He Zhiquan, Zhang Lujun, Wang Hengyou
Guangdong Key Laboratory of Intelligent Information Processing, Shenzhen, China.
Guangdong Multimedia Information Service Engineering Technology Research Center, Shenzhen University, Shenzhen, China.
Front Comput Neurosci. 2023 Apr 5;17:1145209. doi: 10.3389/fncom.2023.1145209. eCollection 2023.

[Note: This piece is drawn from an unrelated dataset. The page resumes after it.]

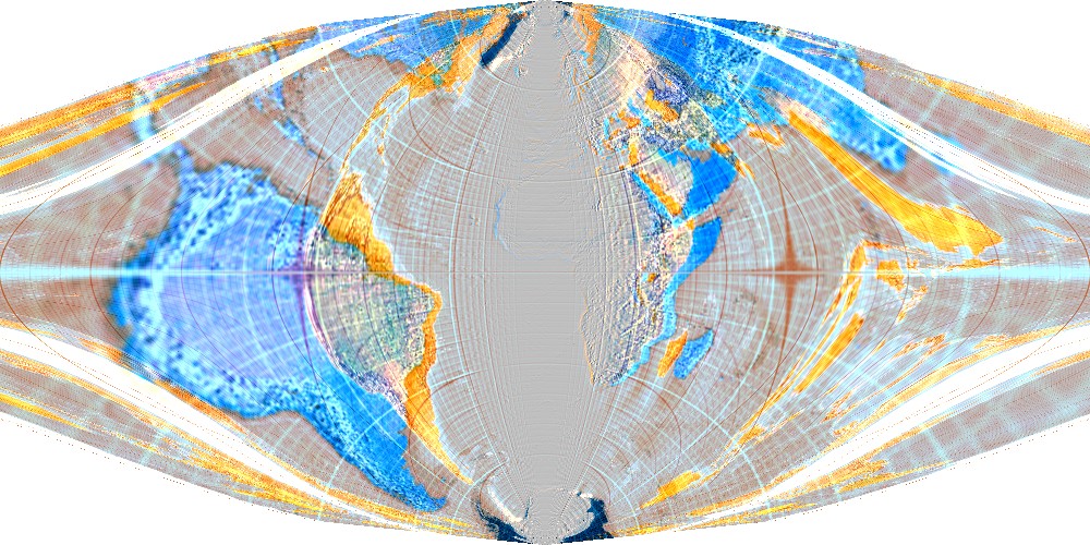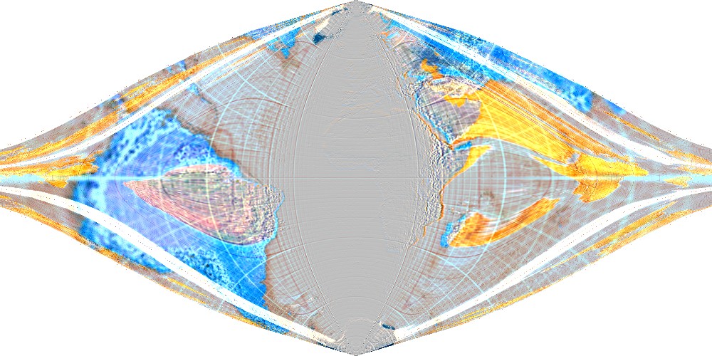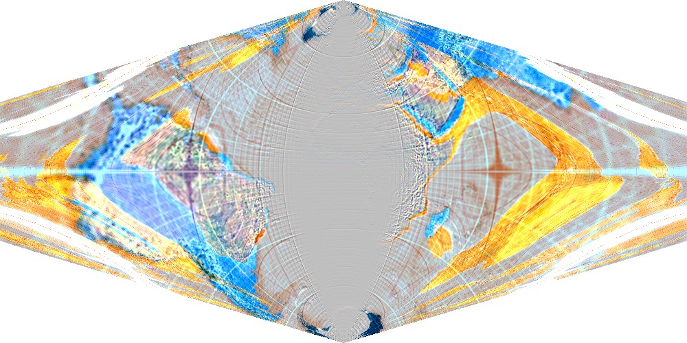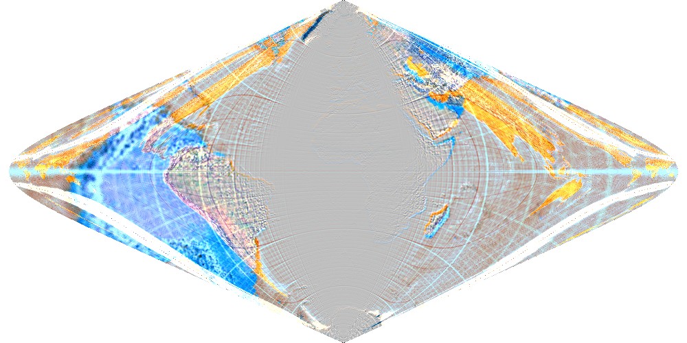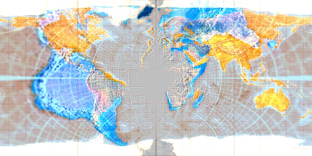 Absolutglied, Fehler der Approximation „nullter Ordnung“. Am Kap der Guten Hoffnung und an Madagaskar sind deutlich Lageunterschiede auszumachen. In Brauntönen deutlich erkennbar: Die Gitternetzlinien der quadratischen Plattkarte ...

Human motion prediction is one of the fundamental studies of computer vision. Much work based on deep learning has shown impressive performance for it in recent years. However, long-term prediction and human skeletal deformation are still challenging tasks for human motion prediction. For accurate prediction, this paper proposes a GCN-based two-stage prediction method. We train a prediction model in the first stage. Using multiple cascaded spatial attention graph convolution layers (SAGCL) to extract features, the prediction model generates an initial motion sequence of future actions based on the observed pose. Since the initial pose generated in the first stage often deviates from natural human body motion, such as a motion sequence in which the length of a bone is changed. So the task of the second stage is to fine-tune the predicted pose and make it closer to natural motion. We present a fine-tuning model including multiple cascaded causally temporal-graph convolution layers (CT-GCL). We apply the spatial coordinate error of joints and bone length error as loss functions to train the fine-tuning model. We validate our model on Human3.6m and CMU-MoCap datasets. Extensive experiments show that the two-stage prediction method outperforms state-of-the-art methods. The limitations of proposed methods are discussed as well, hoping to make a breakthrough in future exploration.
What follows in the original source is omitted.